- October 10, 2015
- Category: Scientific Publications
P. Desbordes1,2, R.Modzelewski1,3, S. Vauclin2, P. Vera1,3, I. Gardin1,3
1 QuantIF LITIS – EA4108, University of Rouen, Rouen, FRANCE,
2 Dosisoft, Cachan, FRANCE
3 Henri Becquerel Center, Rouen, FRANCE
Presented at EANM 2015
Aim: Many features can be extracted from 18FDG PET images to describe cancer. We propose a machine learning technique based on a Random Forest (RF) classifier to select features having a prognostic or predictive value among a large amount of different characteristics.
Materials and Methods: 65 features are extracted from medical records (age, stage⋯) and PET images: classical features (SUV, Metabolically Tumor Volume (MTV) ⋯), 1st order features (skewness, entropy ⋯) and texture parameters from texture matrices: Gray Level Cooccurrence Matrix (GLCM), Gray Level Zone Length Matrix (GLZLM) and Gray Level Difference Matrix (GLDM). Patient classification is performed using RF algorithm with 2000 decision trees, firstly without any Feature Selection (FS), and secondly with a FS. The selection is performed in 2 steps. First, a correlation analysis is done using the Spearman method to keep uncorrelated features. They are compared two by two and are considered as correlated if the Spearman coefficient (sp) verified |sp| ≥ 0.8 and p < 0.05. Next, the RF algorithm is applied on the remaining features to find the most relevant features using the importance index. The RF classifier has been applied to a database of 66 patients with an oesophageal cancer treated by radio-chemotherapy (CRT). The classification accuracy has been evaluated using the Out-Of-Bag (OOB) error.

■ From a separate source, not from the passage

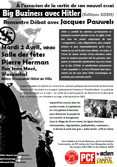 Publie le dimanche 24 mars 2013 par P. bardet - Open-Publishing"Big Buziness avec Hitler" - Rencontre débat avec l’auteur Jacques Pauwels

Results: When the RF classifier is applied to the 65 initial features, OOB error reaches 33.3% and 25.8% for prognostic and predictive studies respectively. The FS strategy improves the classification accuracy, to reach an OOB error of 22.7% and 22.7% respectively. The Spearman analysis revealed that none of the clinical data are correlated with PET characteristics, neither for correlation (GLCM), Cluster Shade (CS, GLCM) Busyness (GLDM) and Zone Percentage (ZP, GLZLM). Twelve groups of correlated features can be created leading to 31/65 features selected. The best 3 prognostic features are MTV, correlation (GLCM) and the Nutritional Risk Index (NRI), whereas the best 3 predictive features are MTV, ZP and correlation (GLCM).
Conclusion: ML technique, such as random forest classifier, is an interesting tool to find the most relevant among a large amount of features, to classify patients. A FS is mandatory to improve the classification accuracy. In case of oesophageal cancer, MTV and texture parameters appear as relevant feature and improve predictions.